Data extract:
--------

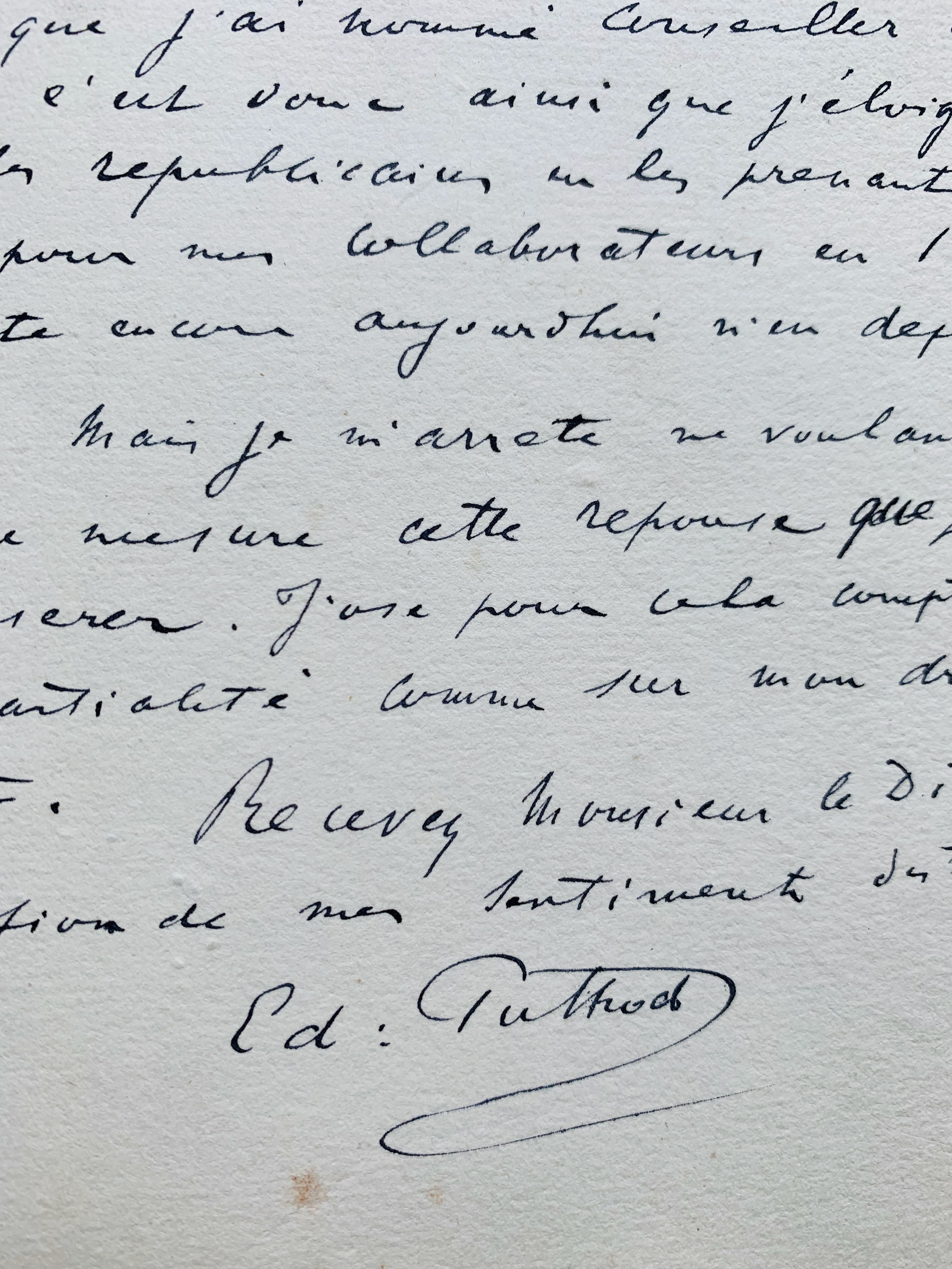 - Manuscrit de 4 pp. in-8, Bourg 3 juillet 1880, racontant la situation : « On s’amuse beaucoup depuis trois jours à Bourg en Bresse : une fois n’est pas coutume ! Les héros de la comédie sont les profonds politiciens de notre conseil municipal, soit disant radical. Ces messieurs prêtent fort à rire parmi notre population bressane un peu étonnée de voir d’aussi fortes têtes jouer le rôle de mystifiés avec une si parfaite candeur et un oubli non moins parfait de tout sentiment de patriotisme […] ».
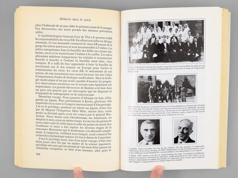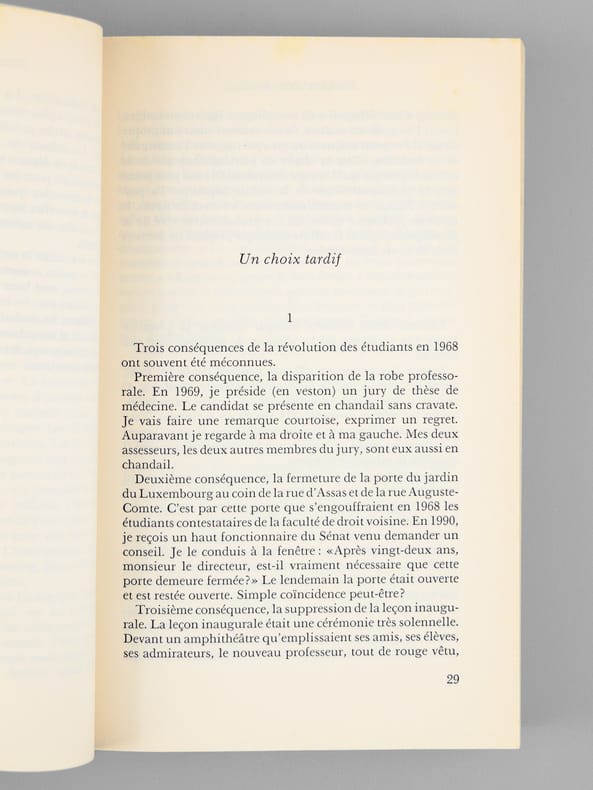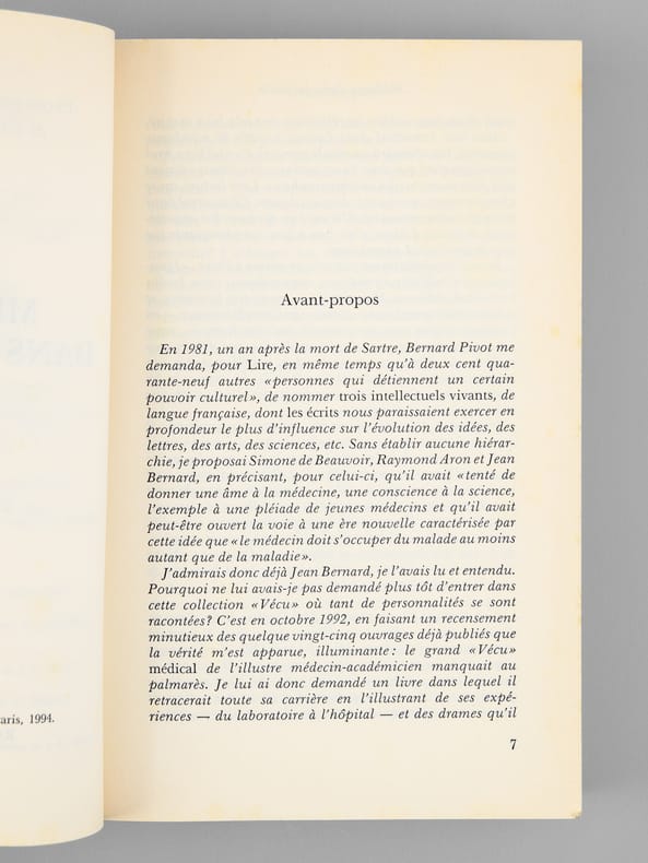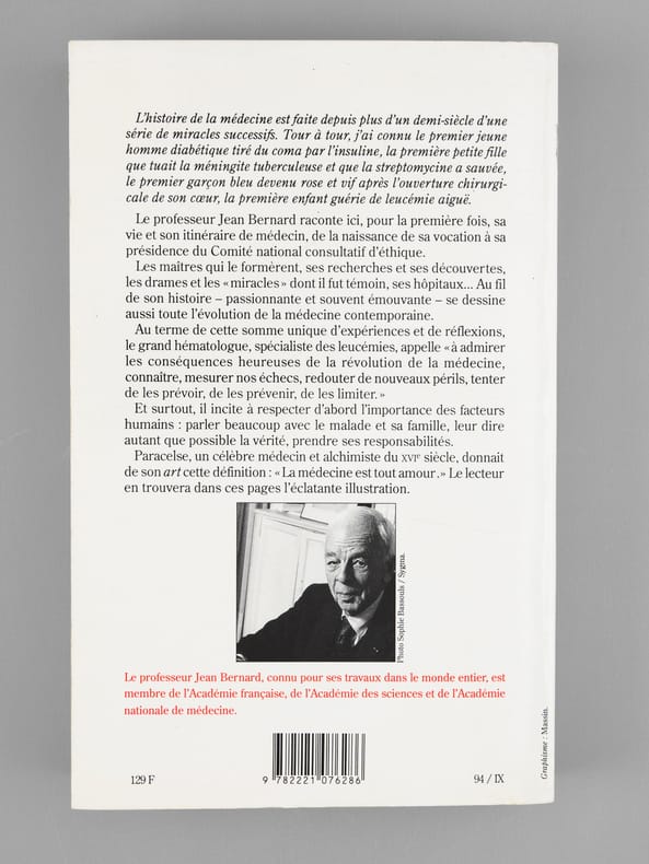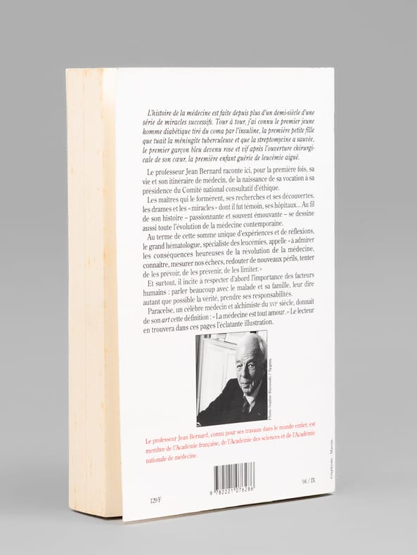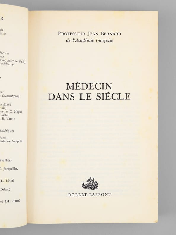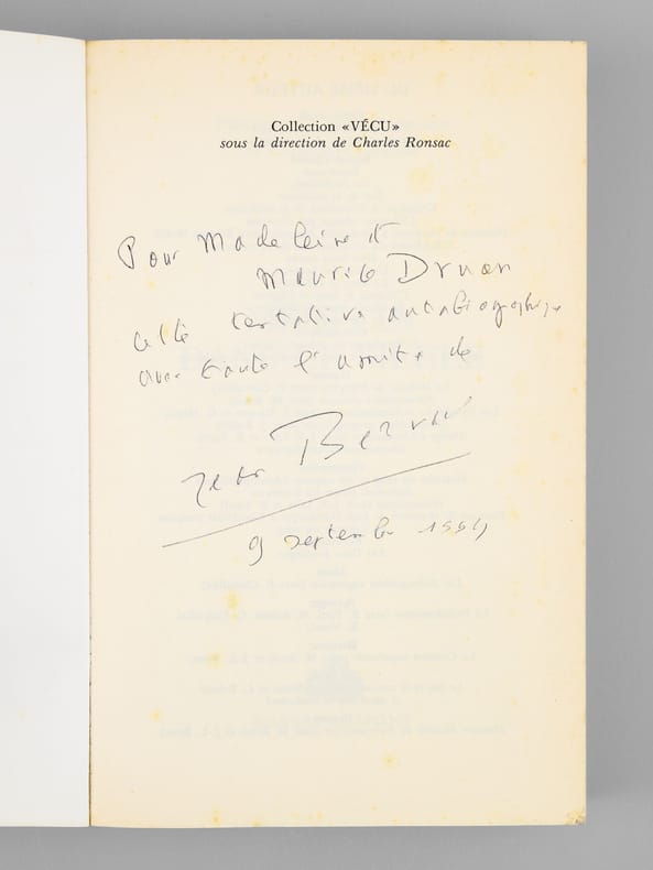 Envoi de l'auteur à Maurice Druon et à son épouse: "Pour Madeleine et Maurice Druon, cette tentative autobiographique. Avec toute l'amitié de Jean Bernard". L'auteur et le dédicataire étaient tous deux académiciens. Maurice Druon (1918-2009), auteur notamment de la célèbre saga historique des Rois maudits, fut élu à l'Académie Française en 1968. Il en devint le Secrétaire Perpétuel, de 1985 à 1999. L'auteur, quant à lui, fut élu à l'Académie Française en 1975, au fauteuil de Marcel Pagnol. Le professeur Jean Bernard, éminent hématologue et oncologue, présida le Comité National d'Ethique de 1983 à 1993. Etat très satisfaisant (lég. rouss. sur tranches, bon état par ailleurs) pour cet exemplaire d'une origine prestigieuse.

--------

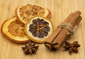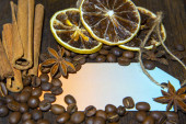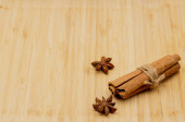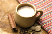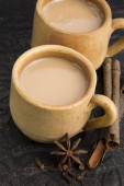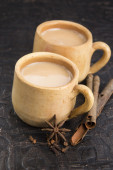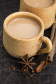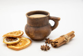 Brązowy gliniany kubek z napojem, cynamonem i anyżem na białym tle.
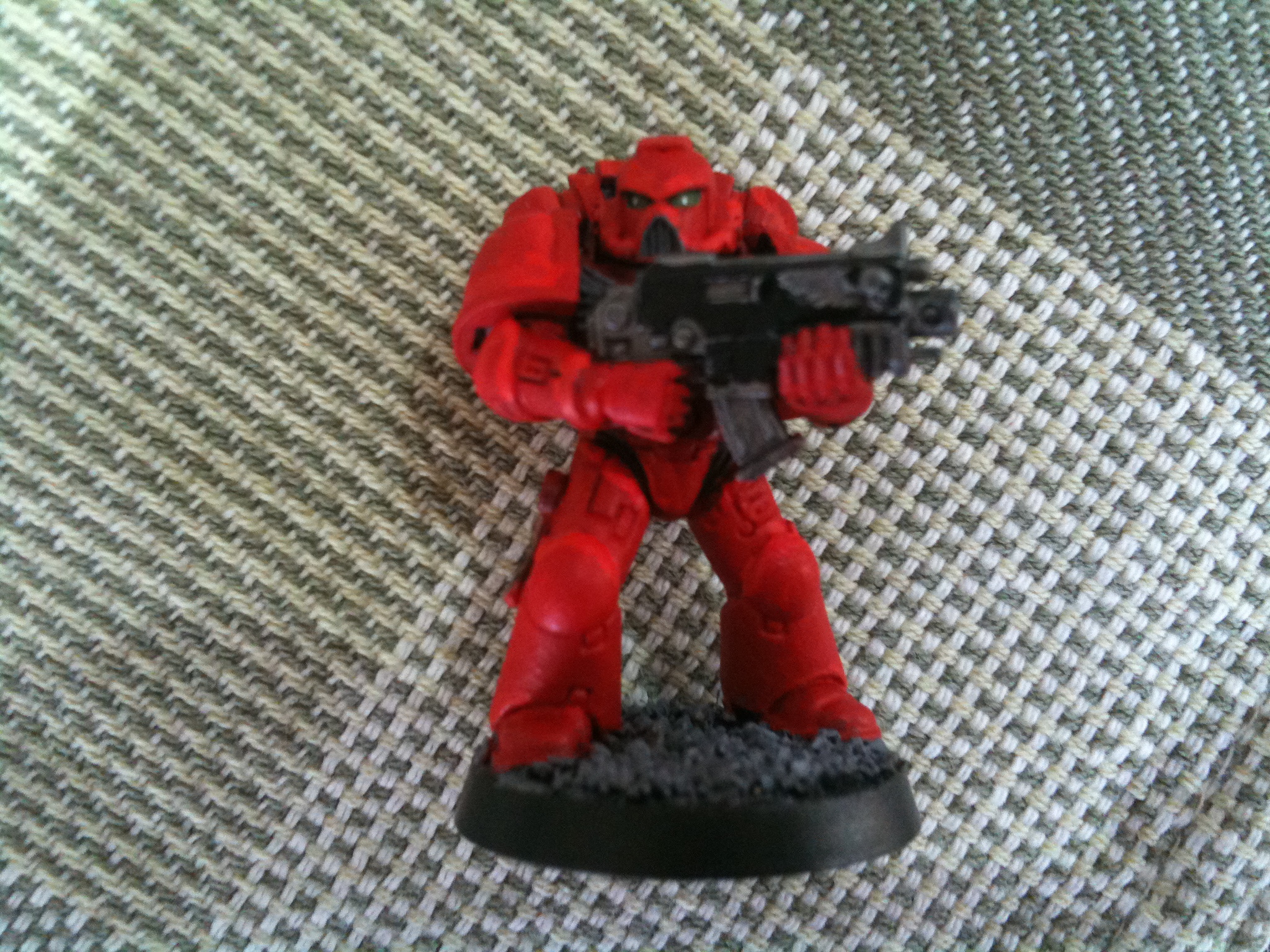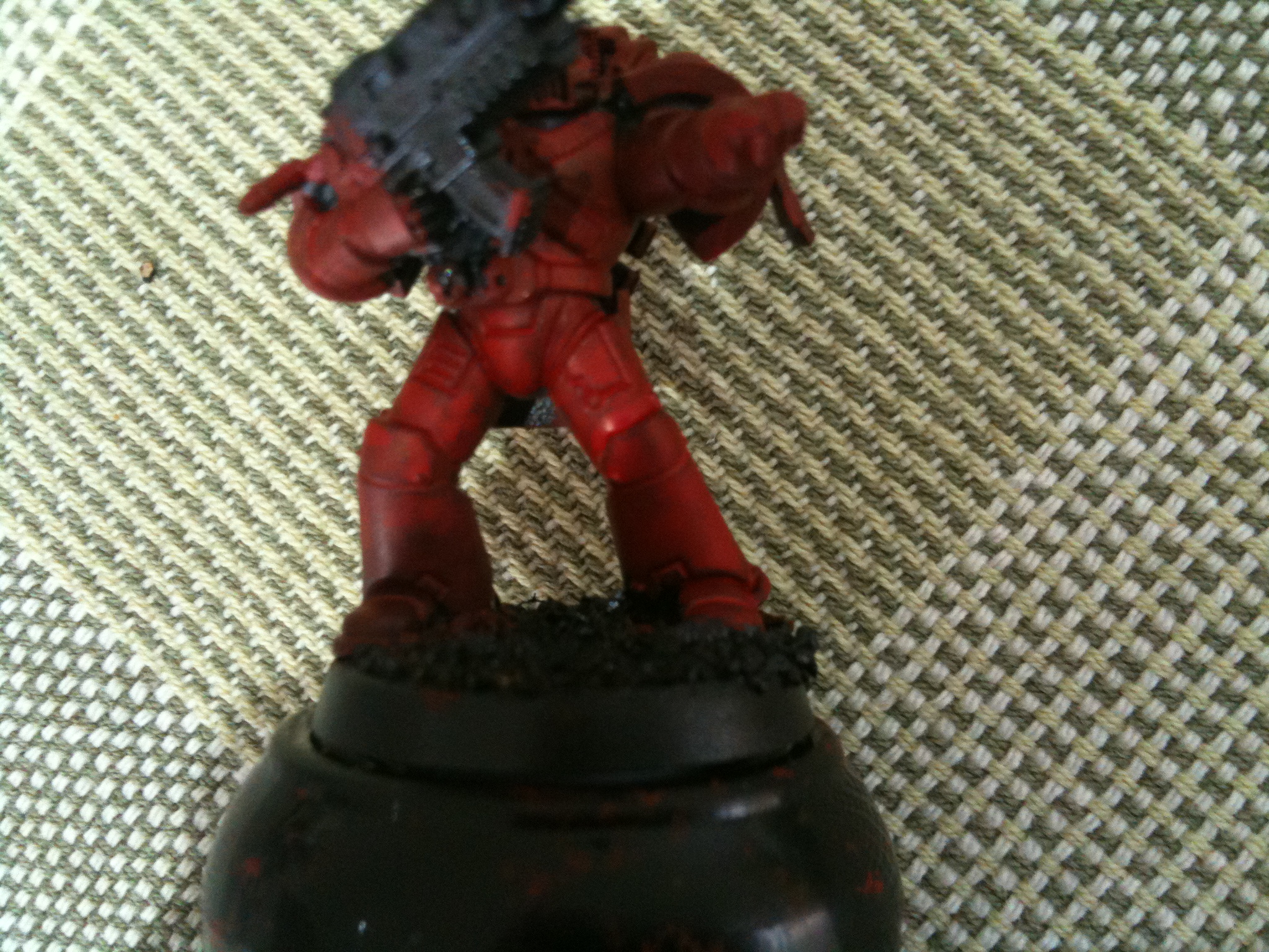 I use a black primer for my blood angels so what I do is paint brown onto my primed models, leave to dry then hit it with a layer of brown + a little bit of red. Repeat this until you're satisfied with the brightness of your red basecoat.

--------

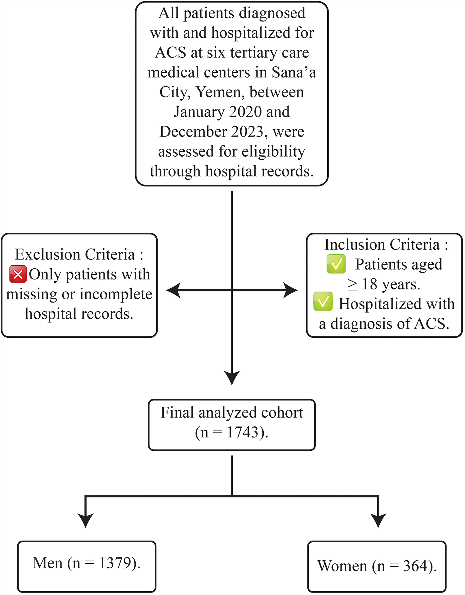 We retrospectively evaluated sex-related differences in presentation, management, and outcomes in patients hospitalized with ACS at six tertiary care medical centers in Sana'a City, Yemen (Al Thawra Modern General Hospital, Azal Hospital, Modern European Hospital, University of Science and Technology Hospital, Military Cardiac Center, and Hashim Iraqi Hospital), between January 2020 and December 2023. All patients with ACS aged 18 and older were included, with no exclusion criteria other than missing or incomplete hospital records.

--------

Task instructions: Reproduce the entries exactly, from the line with "Brązowy gliniany kubek" to the line with "I use a black", both lines included, keeping no pictures.

Output for this exercise:
 Brązowy gliniany kubek z napojem, cynamonem i anyżem na białym tle.
 I use a black primer for my blood angels so what I do is paint brown onto my primed models, leave to dry then hit it with a layer of brown + a little bit of red. Repeat this until you're satisfied with the brightness of your red basecoat.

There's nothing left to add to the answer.